Number of moles necessary to get piston back to initial position

[lorenz0]

Homework Statement:

In a cylindrical piston of section S a piston can move without friction. A mole of ideal monoatomic gas is confined to the left, the right chamber is empty and contains a spring with elastic constant k which would be at rest if the piston were all the way to the left.
Initially the gas is at rest in an "A" state ($p_A = 10^5 Pa, V_A = 25 dm^3$).
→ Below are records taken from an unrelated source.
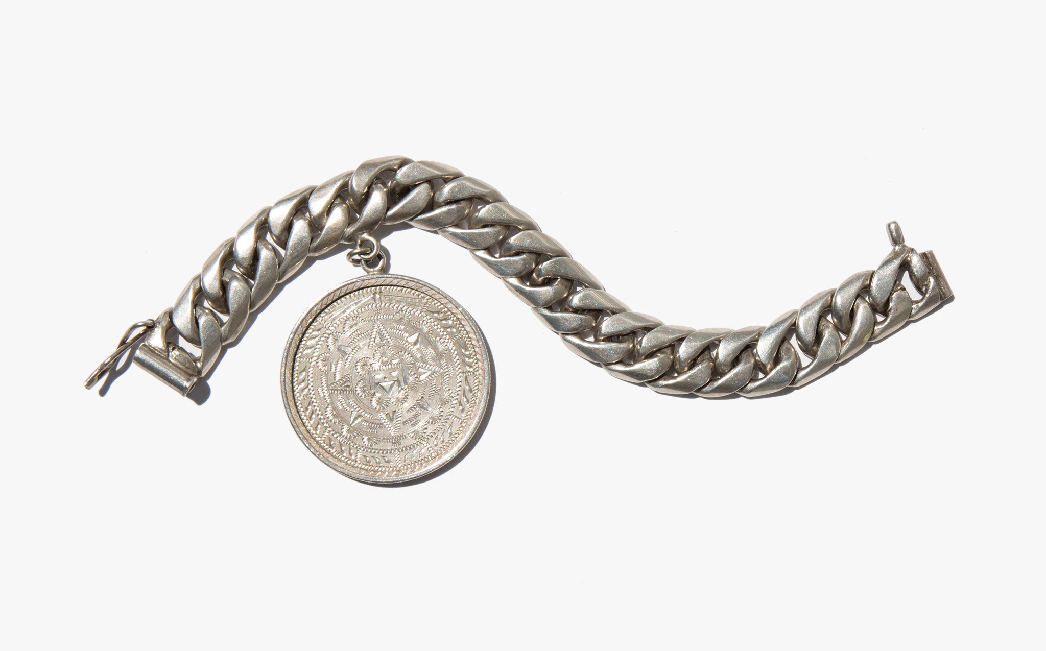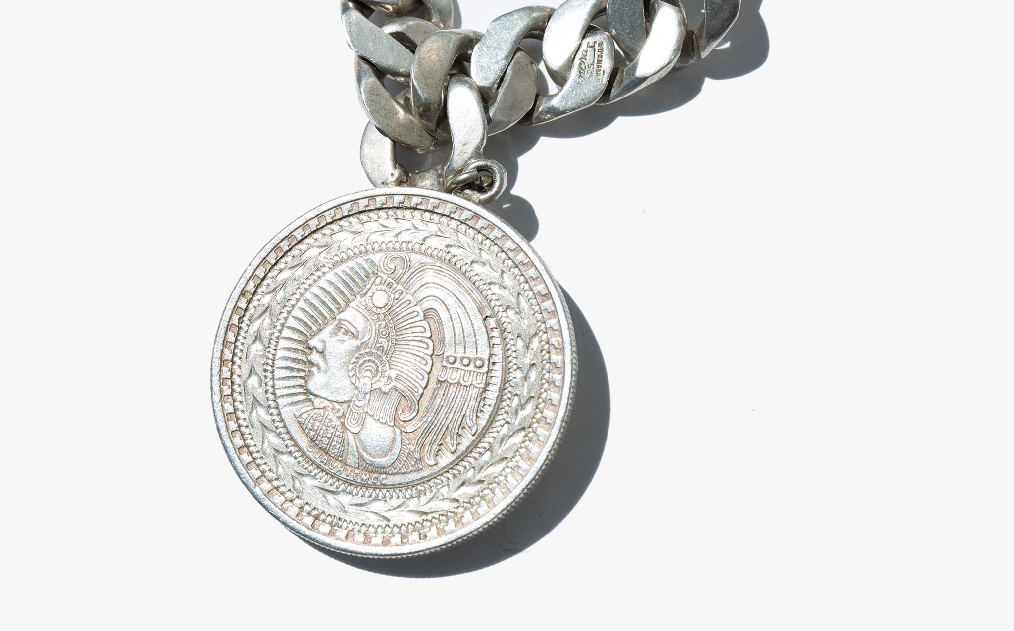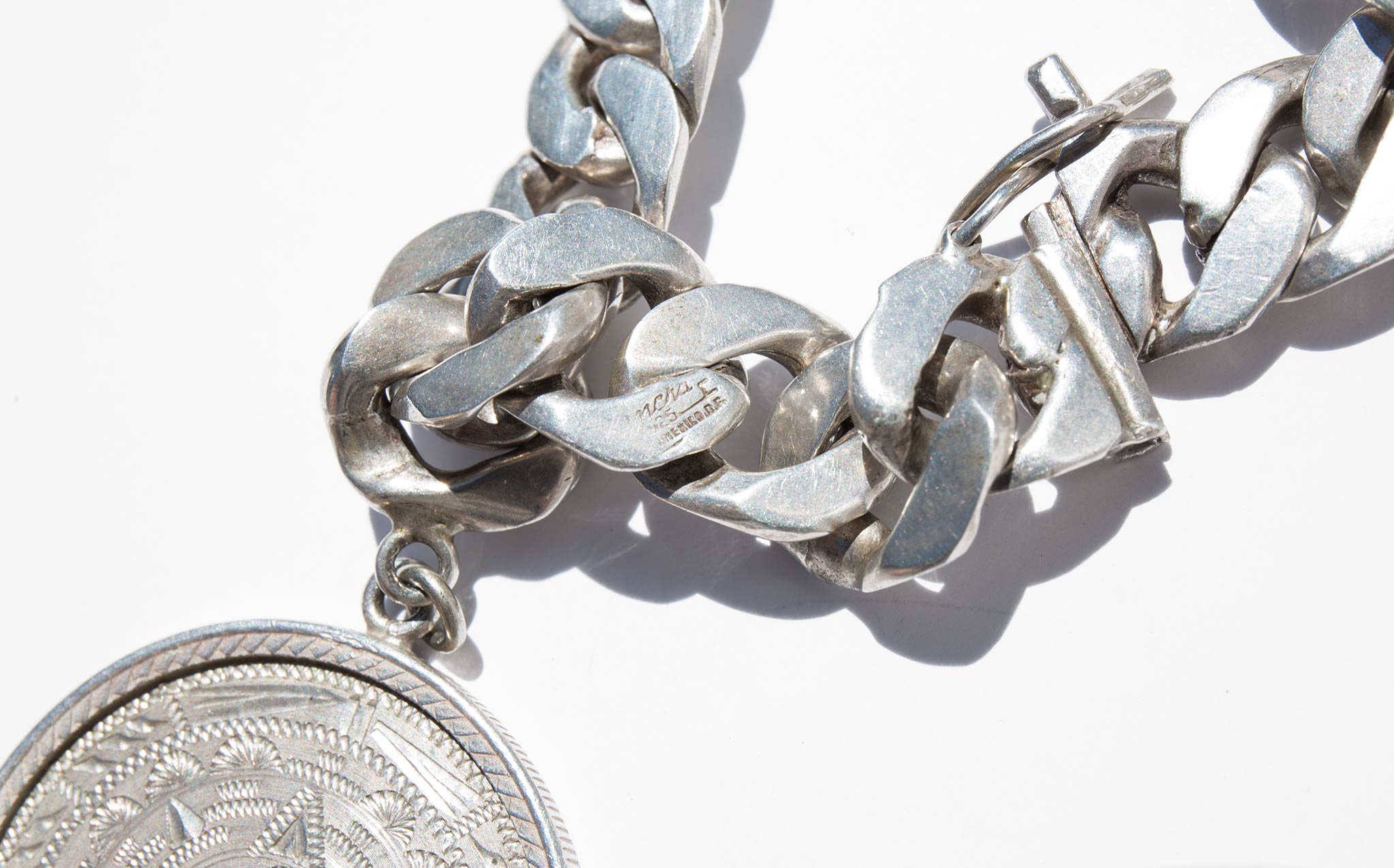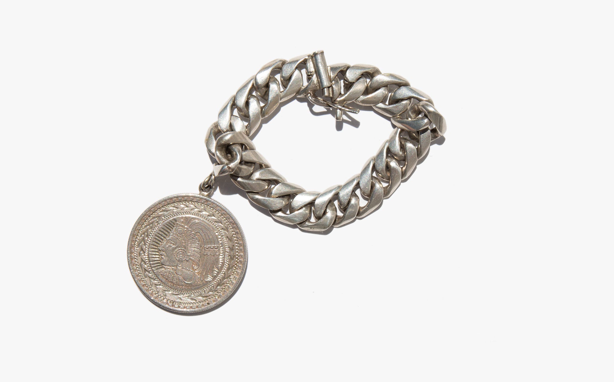 Heavy, vintage, solid Mexican sterling silver bracelet with an oversized coin depicting the last Aztec emperor Cuautémoc and a representation of the Aztec calendar. A stunning, unusual piece.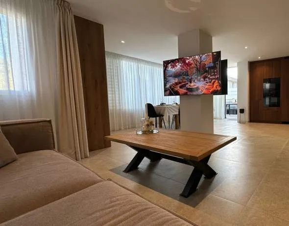 The living area has been designed for maximum comfort, featuring high-quality furnishings, two TVs in the living room and two additional TVs in the bedrooms. Outside, the spacious terrace with electric blinds offers a perfect year-round outdoor living space with a dining area and an outstanding BBQ setup including two charcoal barbecues, one gas barbecue, and an additional grill.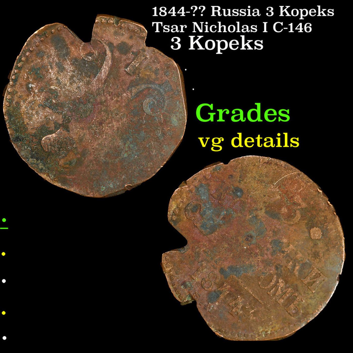 1844-?? Russia 3 Kopeks Tsar Nicholas I C-146 Grades vg details.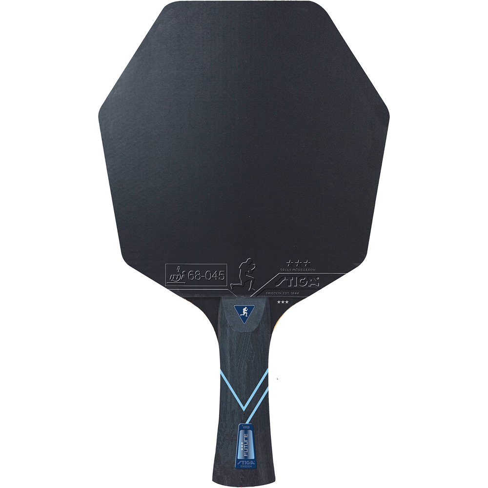 3-star table tennis bat in STIGA's unique Cybershape design – a brand-new, patent-pending, pattern-protected shape optimized for maximum hitting surface. Developed and designed together with STIGA player and deputy world champion Truls Möregårdh. Stable, concave shaft with an offensive blade made from 5 layers of wood. ITTF-approved Truls Möregårdh rubbers, based on DNA Platinum's unique playing characteristics and adapted for players in development. Optimized, larger sweet spot for a better balance than in traditionally shaped bats. Cybershape Future's unique shape allows easier customization of your bat angle to achieve the desired spin when serving. A bat for those who want more speed and feeling. ITTF-approved 3-star rubber.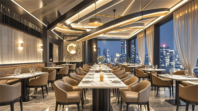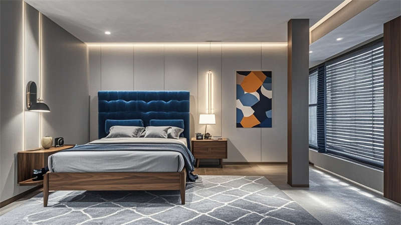 本2000平現(xiàn)代簡約風(fēng)格酒店設(shè)計(jì)以'城市綠洲'為核心理念,通過流線型空間布局構(gòu)建高效動(dòng)線。大堂采用懸浮式水晶燈與淺灰大理石地面形成視覺焦點(diǎn),金屬與木質(zhì)的冷暖對比提升空間質(zhì)感??头繀^(qū)運(yùn)用深藍(lán)與淺灰的撞色搭配,配合智能照明系統(tǒng)實(shí)現(xiàn)多場景模式切換。公共區(qū)域大量運(yùn)用無框玻璃隔斷,保持空間通透性的同時(shí)實(shí)現(xiàn)功能分區(qū)。色彩體系以米白為基底,點(diǎn)綴深胡桃木與香檳金,局部運(yùn)用幾何紋樣增強(qiáng)設(shè)計(jì)感。材料選擇注重環(huán)保與耐用性,石材、金屬與吸音材質(zhì)的組合兼顧美觀與實(shí)用。燈光設(shè)計(jì)采用多層次照明系統(tǒng),筒燈、燈帶與裝飾照明相結(jié)合,營造舒適光環(huán)境。各功能區(qū)域通過統(tǒng)一的材質(zhì)語言和色彩邏輯保持整體協(xié)調(diào),同時(shí)根據(jù)不同使用需求進(jìn)行個(gè)性化設(shè)計(jì),如會(huì)議室配備移動(dòng)隔斷實(shí)現(xiàn)靈活分隔,健身中心采用防滑橡膠地板等專業(yè)處理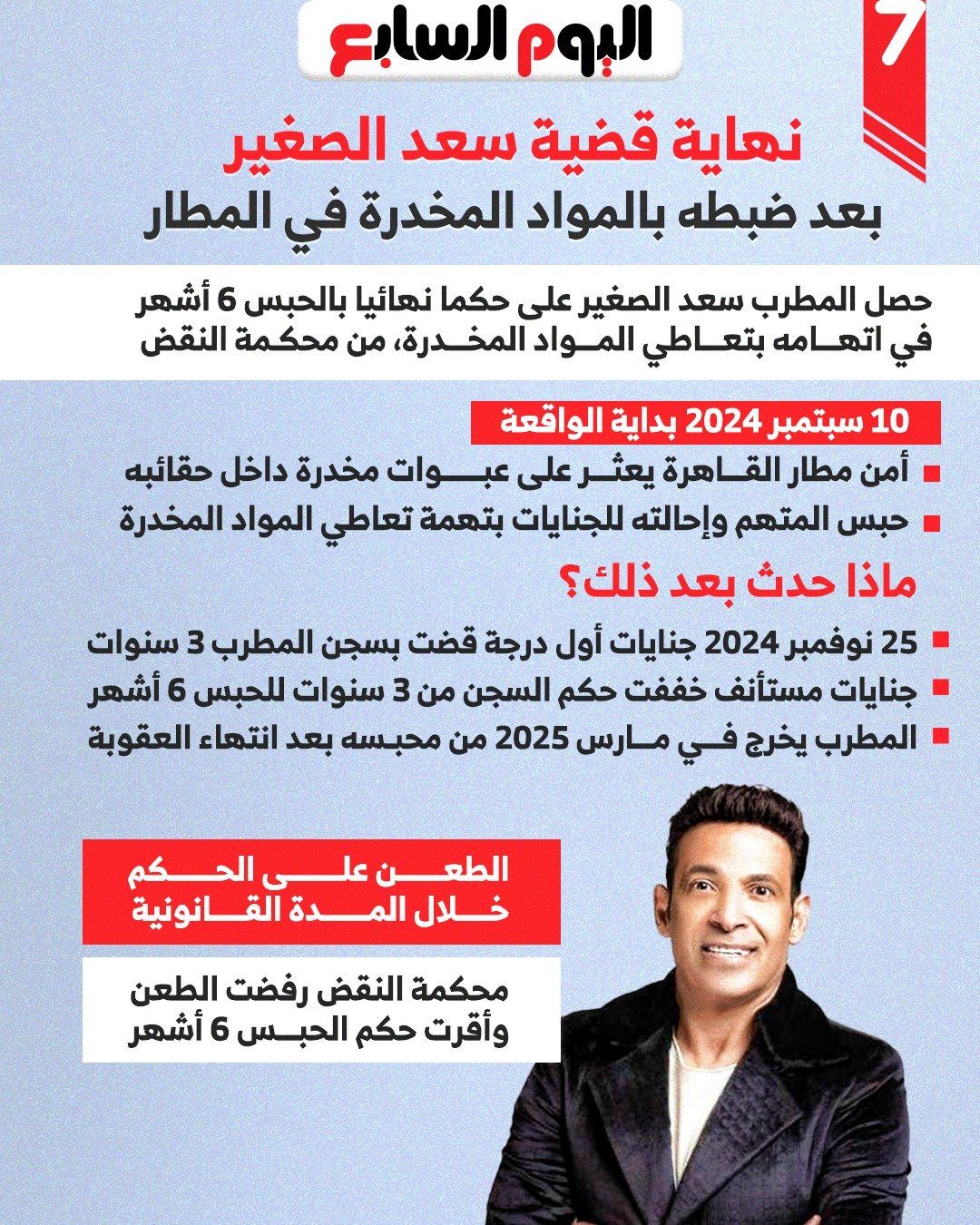 ــ "25 نوفمبر 2024"، الجنايات تعاقب سعد الصغير بالسجن 3 سنوات.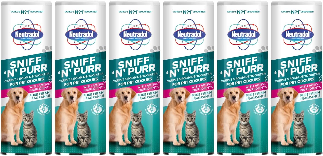 About this item Targets Stubborn Pet Odours: Effectively neutralises deep set smells caused by pets. Ideal for homes with dogs, cats, or small animals, where pet odours tend to linger in fabrics and floors. Science Powered Formula: Backed by over 30 years of innovation, Neutradol's unique formula goes beyond surface freshness, breaking down odour molecules at the source for long-lasting, truly clean results. Safe for Pets & Family: Specially formulated pet-friendly powder, Sniff n Purr is gentle enough for use in shared spaces, yet tough enough to tackle everyday odours in busy, pet loving homes. Multi-Surface Use: Perfect for pet beds, carpets, area rugs and upholstery. Refreshes any area where your pets love to lounge, sleep, or play. Fresh, Clean Finish: Leaves a subtle, clean scent without any overpowering perfume or chemical smell. No residue, no staining, just a fresher space for pets and people alike. › See more product details,Targets Stubborn Pet Odours: Effectively neutralises deep set smells caused by pets. Ideal for homes with dogs, cats, or small animals, where pet odours tend to linger in fabrics and floors,Science Powered Formula: Backed by over 30 years of innovation, Neutradol's unique formula goes beyond surface freshness, breaking down odour molecules at the source for long-lasting, truly clean results,Safe for Pets & Family: Specially formulated pet-friendly powder, Sniff n Purr is gentle enough for use in shared spaces, yet tough enough to tackle everyday odours in busy, pet loving homes,Multi-Surface Use: Perfect for pet beds, carpets, area rugs and upholstery. Refreshes any area where your pets love to lounge, sleep, or play,Fresh, Clean Finish: Leaves a subtle, clean scent without any overpowering perfume or chemical smell. No residue, no staining, just a fresher space for pets and people alike
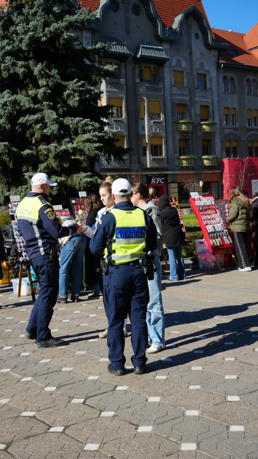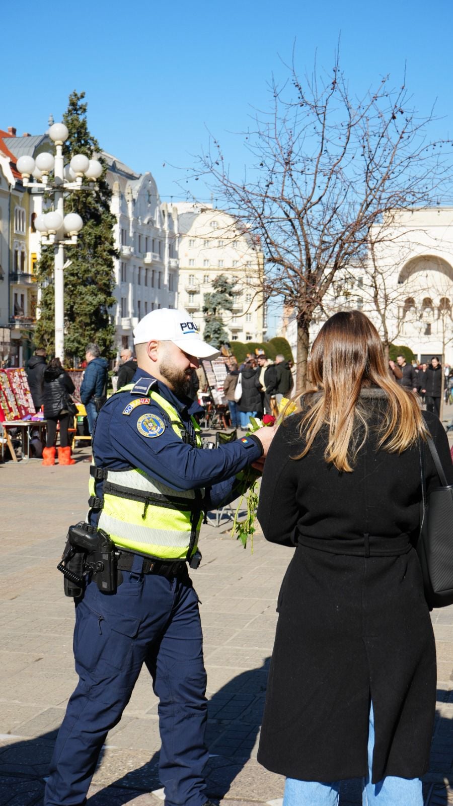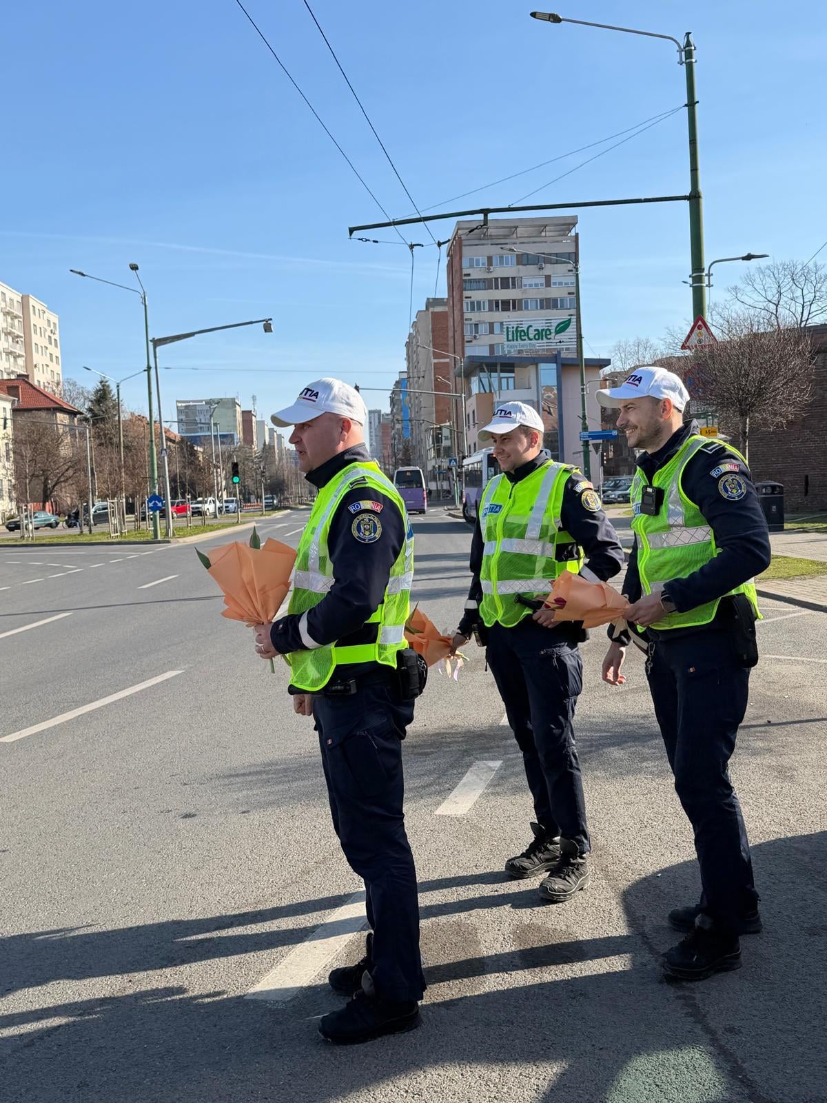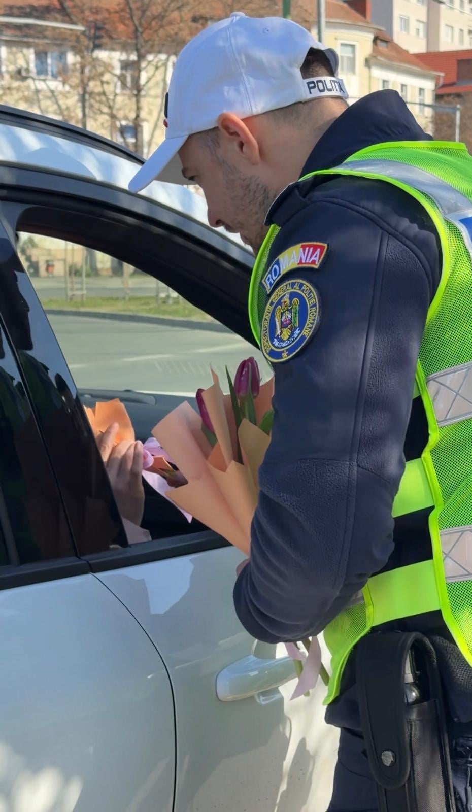 O misiune specială au avut astăzi polițiștii timișeni, dedicată începutului primăverii. În prima zi a acestui anotimp, doamnele și domnișoarele aflate în trafic, dar și cele care se plimbau prin centrul municipiului Timișoara, au fost surprinse plăcut de oamenii legii.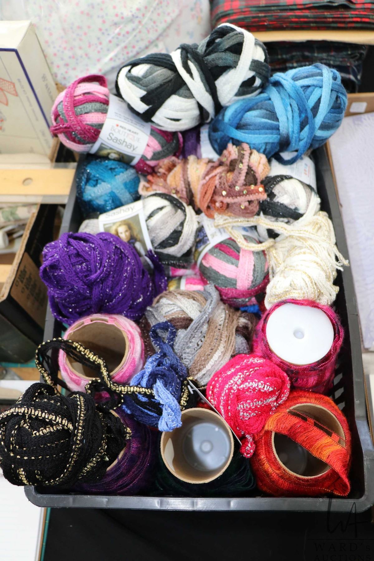 Plastic tote containing Red Heart Bouquet Shashay, scarf making yarn etc.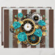 Steampunk時計とターコイズバラオンストライプの レターヘッド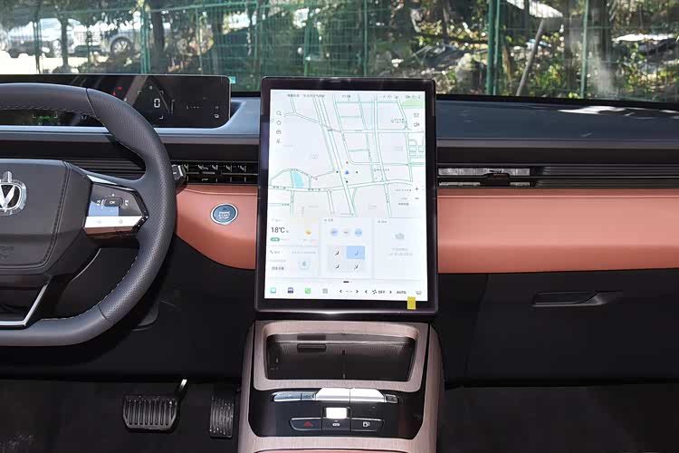长安逸动 PHEV 2025 款内饰采用对称式布局,中控台通过分层设计提升视觉层次感。10.25 英寸全液晶仪表与 13.2 英寸悬浮式中控屏形成双联屏组合(中高配车型),屏幕分辨率达到 1920×720,操作流畅度处于同级主流水平。车机内置导航、语音交互(支持双区唤醒)及华为 HiCar/Carlink 互联功能,实体按键保留空调控制旋钮及部分常用功能键,兼顾操作便利性。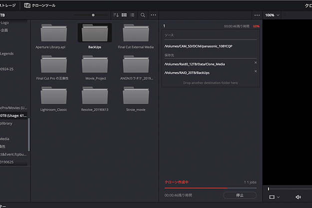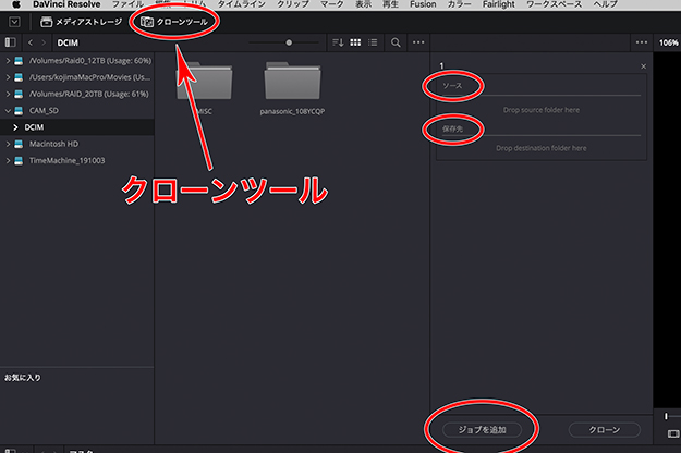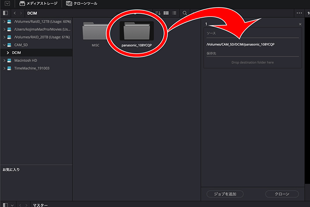 (02)このクローンパネルの左側がメディアブラウザだ。最初に、コピー元であるオリジナルファイルが入っているボリューム(SSDやSDカードなど)、またはフォルダをメディアブラウザから選び出して「ソース:Drop source folder here」と書かれている文字列にドラッグ&ドロップする。

It takes place through an exchange of heat with the outside
a slow transformation until reaching a "B" state with volume
halved. Calculate :
a) the heat $Q$ exchanged by the gas with the external environment to complete the transformation,
b) the entropy change $\Delta S_G$ of the gas,
c) how many moles $n_{agg}$ of gas must be added to bring the piston back to the initial position assuming that the temperature remains that of state "B"?

Relevant Equations:

$F_{spring}=-kx, \Delta U=Q-L, W=\int_{a}^{b} \vec{F}\cdot\vec{dx}, \Delta S=nC_V\ln(\frac{T_f}{T_i})+nR\ln(\frac{V_f}{V_i}), PV=nRT$

a) $T_A=\frac{p_AV_A}{nR}=300.7K, P_A V_A=kL^2=nRT_A$, $P_B S=k\frac{L}{2}\Rightarrow P_B V_B=k(\frac{L}{2})^2 \Rightarrow P_B=\frac{kL^2}{2V_A}=\frac{P_AV_A}{2V_A}=\frac{P_A}{2}$, $W_{spring\to gas}=\int_{L}^{L/2}kxdx=-\frac{3}{8}kL^2=-\frac{3}{8}nRT_A$$\Rightarrow Q=L+\Delta U=-\frac{3}{8}nRT_A+n\cdot\frac{3}{2}R (\frac{T_A}{4}-T_A)\simeq 3750 J$

b) $\Delta S_{gas}=nC_V\ln(\frac{T_f}{T_i})+nR\ln(\frac{V_f}{V_i})=nC_V\ln(\frac{T_A /4}{T_A})+nR\ln(\frac{V_A/2}{V_A})=-4nR\ln(2)=-23 J/K$

EDIT: I think I have managed to solve also part c)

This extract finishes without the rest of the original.